"No, we don't. I've seen a couple of troop-panics," von Schlichten said. "There can't be anything much worse than a panic."

"I think the Terrans ought to be told the worst," Hargreaves said. "And told that our only hope is to get a bomb of our own built and dropped first. As to the Kragans.... What do you think, King Kankad?"

"Tell them that we are building a bomb to destroy Keegark; that we are running short of ammunition, and that it is our only hope of finishing the war before the ammunition is gone," Kankad said. "Tell them something of what sort of a bomb it is. But do not tell them that King Orgzild already has such a bomb. Old Kankad, who made me out of himself, told me about how our people fled in panic from the weapons of the Terrans, when your people and mine were still enemies. This thing is to the weapons they faced then as those weapons were to the old Kragans' spears and bows.... And when the geeks from Grank come here, tell them that we are winning and that if they fight well, they can share the loot of Konkrook and Keegark."

Von Schlichten looked up at the big screen. Already, Themistocles M'zangwe had ordered the Channel Battery to reduce fire; the big guns were firing singly, in thirty-second-interval salvos. There was less bombing, too; contragravity was being drawn out of the battle.

"Well, we all have things to do," he said, "and I think we've discussed everything there is to discuss. Anybody think of anything we've forgotten?... Then we're adjourned."

He and Paula Quinton took the elevator to the roof, and sat side by side, silently watching the conflagration that was raging across the channel and the nearer flashes of the big guns along the island's city side.
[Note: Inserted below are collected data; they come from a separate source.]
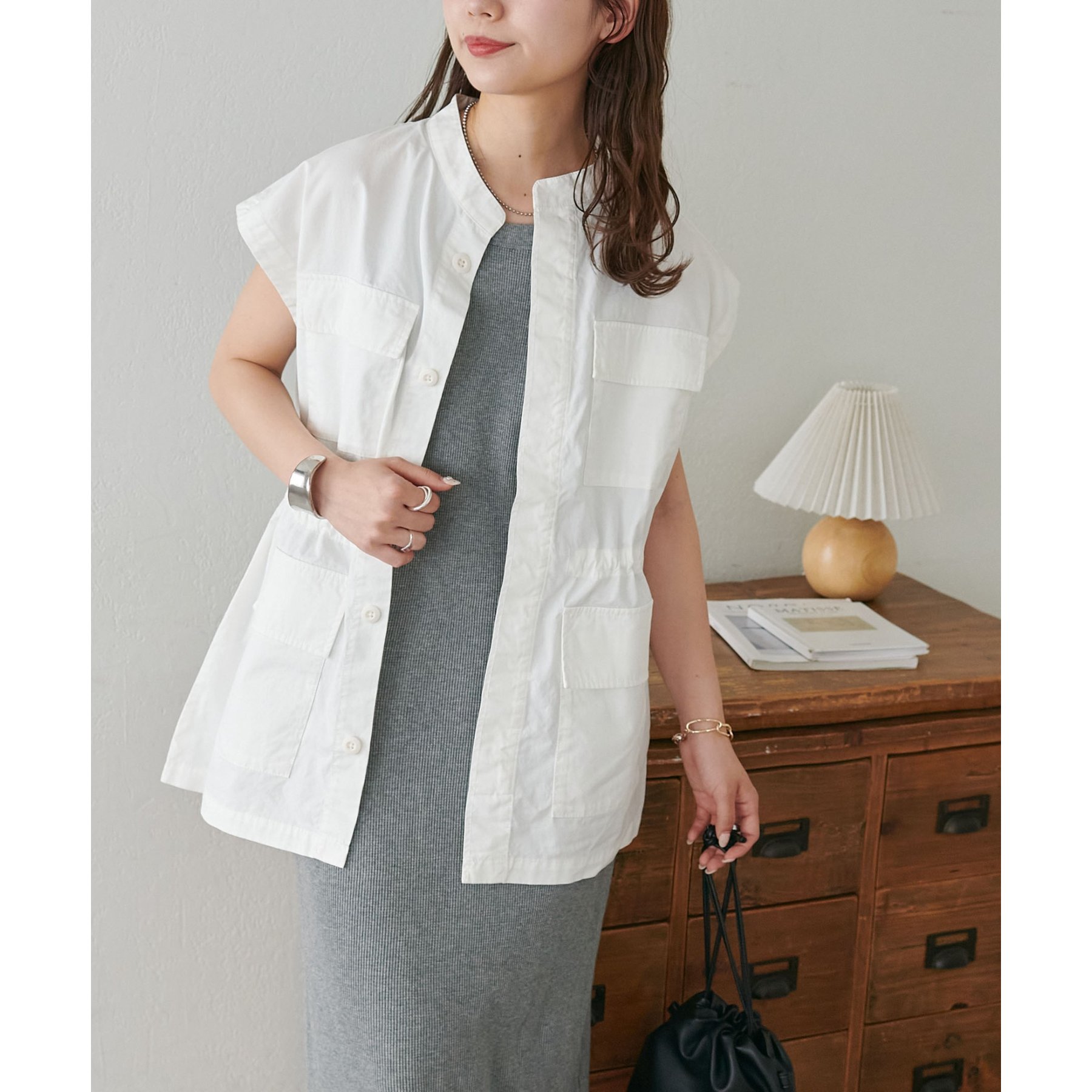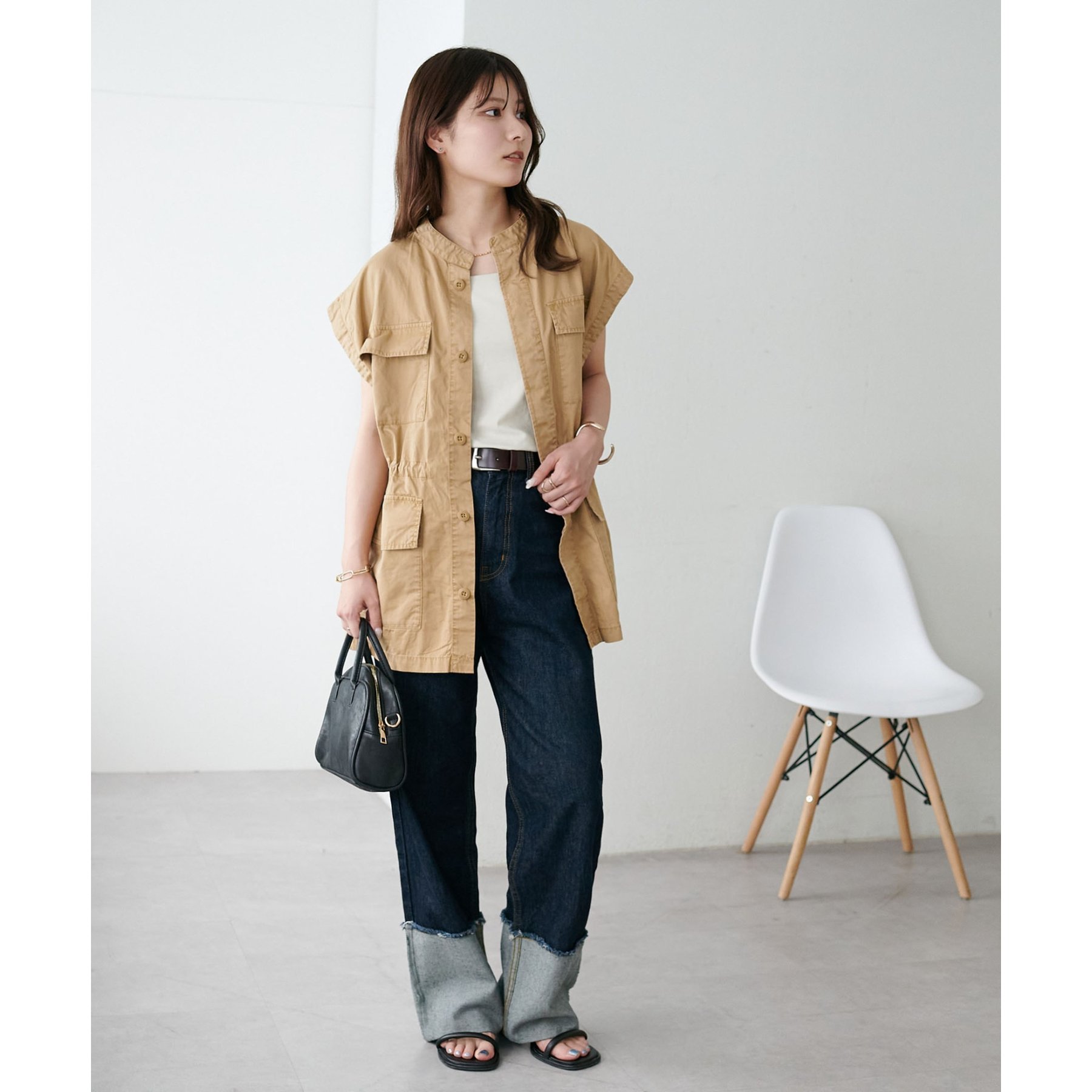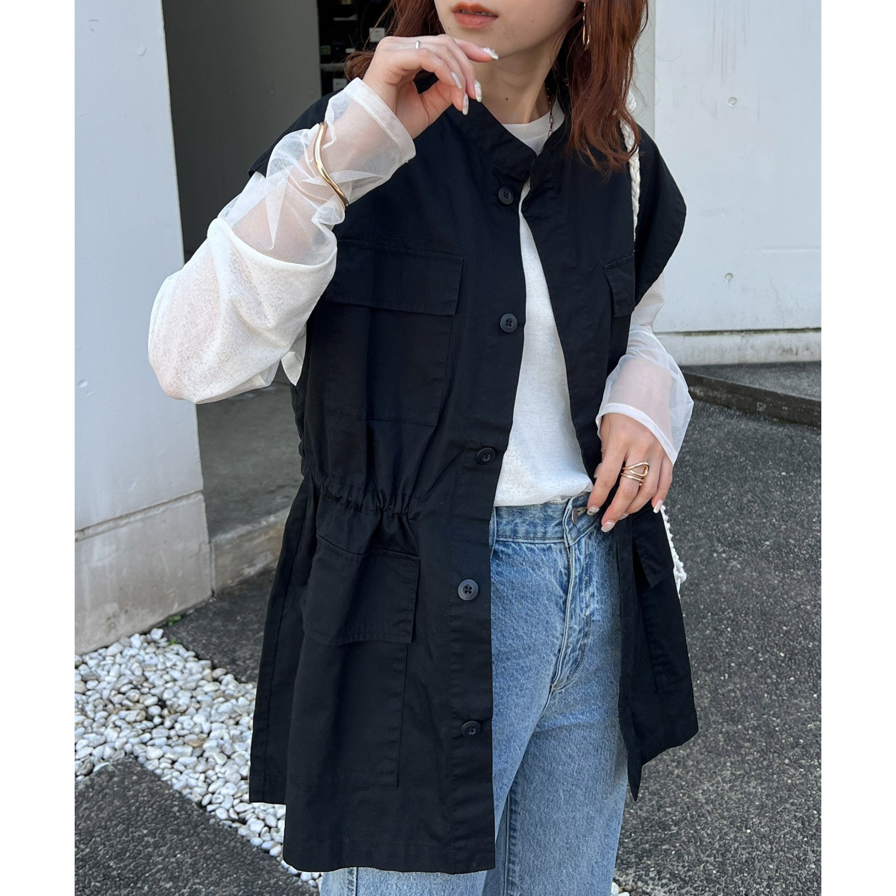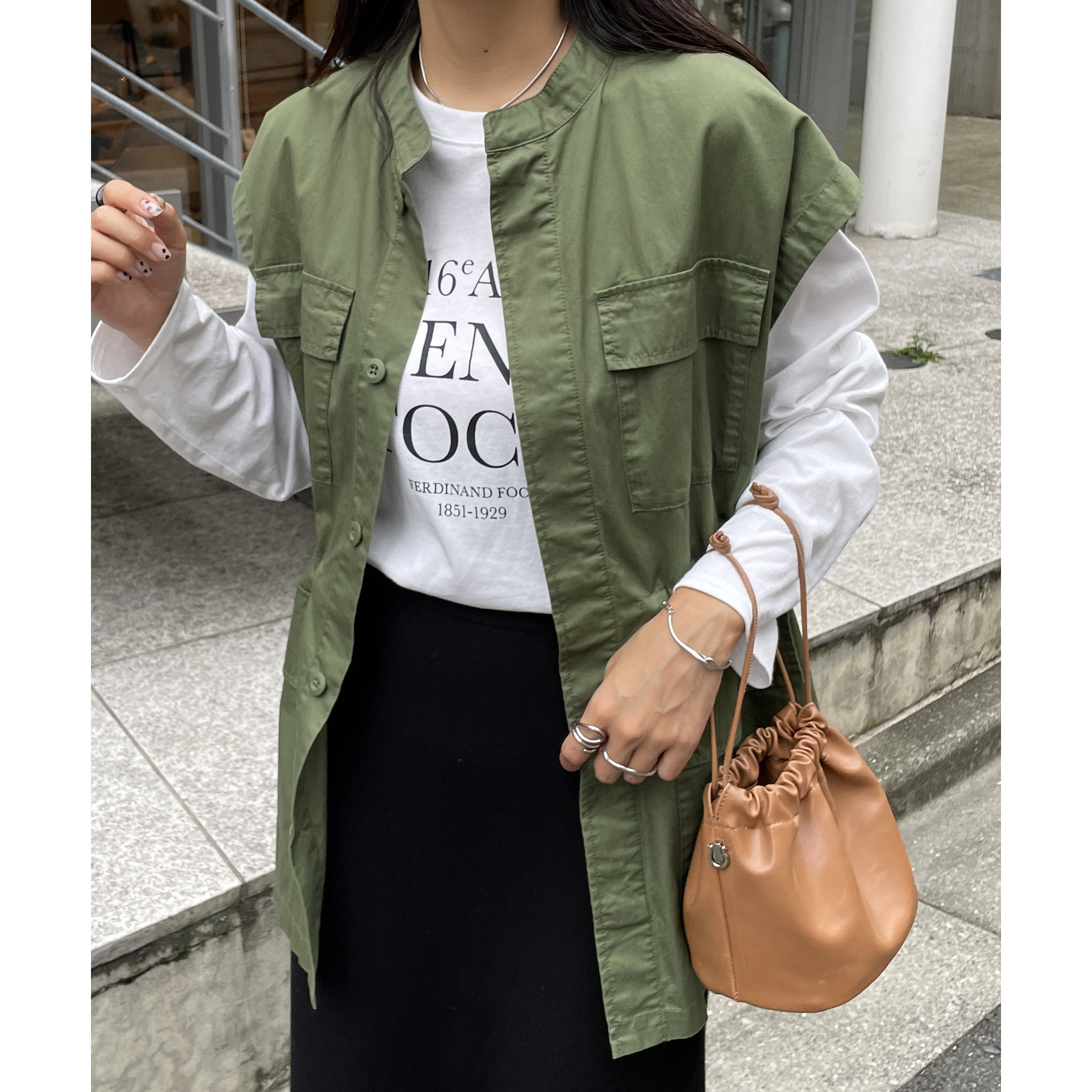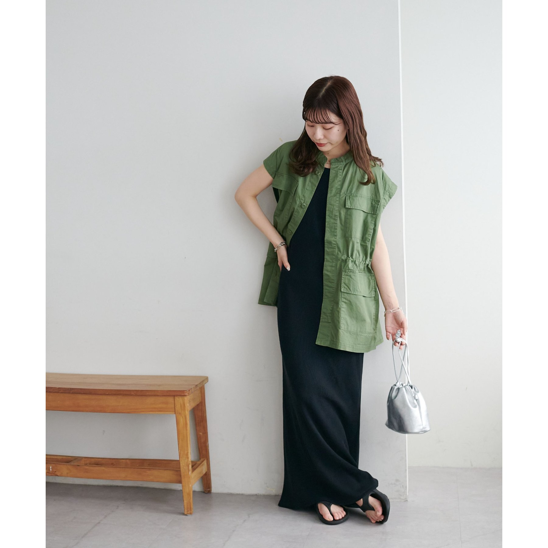 旬のレイヤードを楽しむ、スタンドネックミリタリーベスト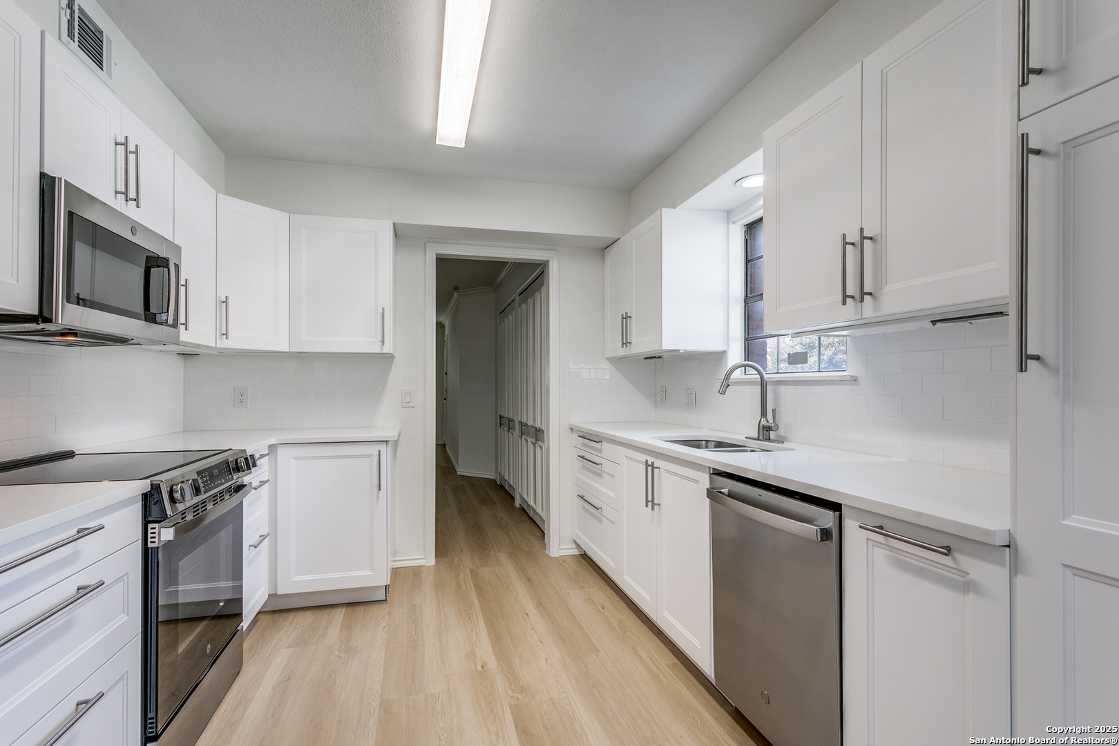 Welcome to this dreamy condo that has been transformed to appeal to today's buyer. Wood-look floors flow through the main rooms and provide a modern base for the new owner. The combined living and dining room is spacious with good storage. The kitchen will wow you, with white cabinets and countertops plus recent appliances, providing ideal workspace for the cook and includes eat-in space and laundry closet. 2 Bedrooms are well-sized, and the bathrooms boast updated cabinets and tile. Private patio with bonus storage. One car covered parking.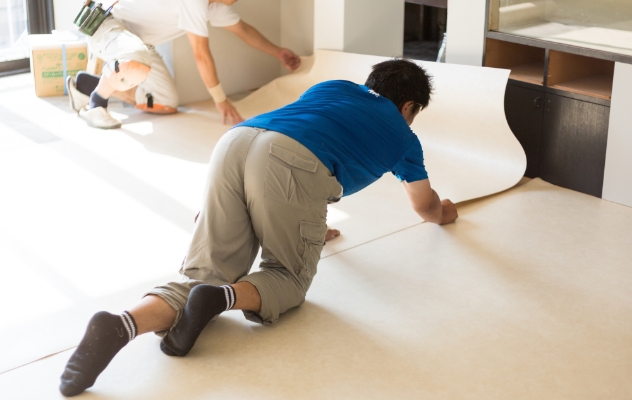 木材、石膏ボード、吸音板、壁紙、たたみ、ビニール床タイル、カーペット、ふすま等を用いて建築物の内装仕上げを行う工事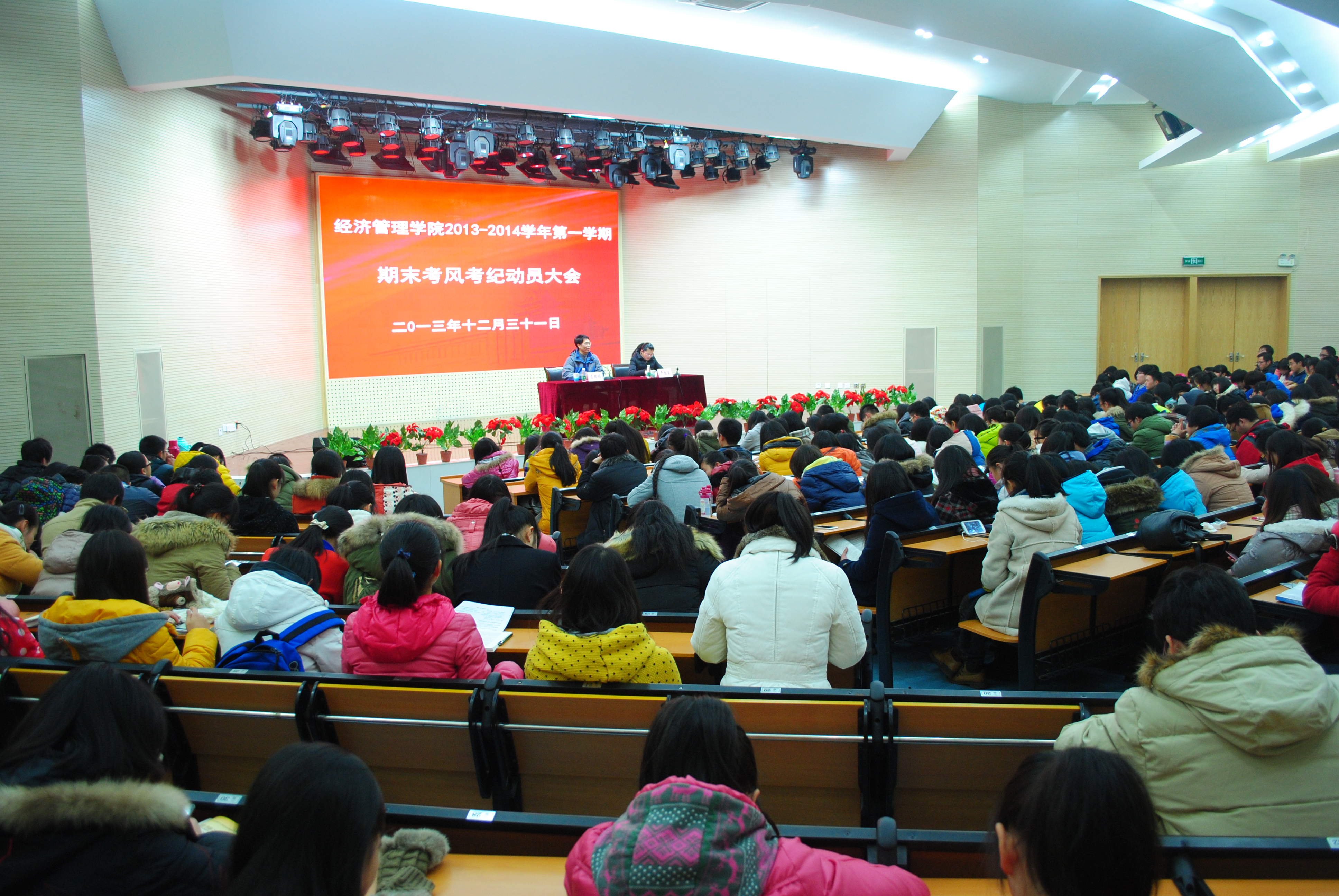 为严肃考风考纪,白菜导航所有网站网址于2013年12月31日在大学生活动中心召开了年度考风考纪动员大会,学院副院长应瑞瑶出席大会并作动员报告,学院党委副书记卢忠菊主持会议,400余名本科生参加了此次大会。

"Wednesday night, I thought we were all cooked," Paula told him. "Cleaning up the North in two days seemed like an impossibility, too. Maybe you'll do it again."

"If I pull this one out of the fire, I won't be a general; I'll be a magician," he said. "Pickering'll be a magician, I mean; he's the boy who'll save our bacon, if it's saveable." He looked somberly across the flame-reflecting water. "Let's not kid ourselves; we're just kicking and biting at the guards on the way up the gallows-steps."

"Well, why stop till the trap's sprung?" she asked. "What'll happen to these people on this planet, after we're atomized?"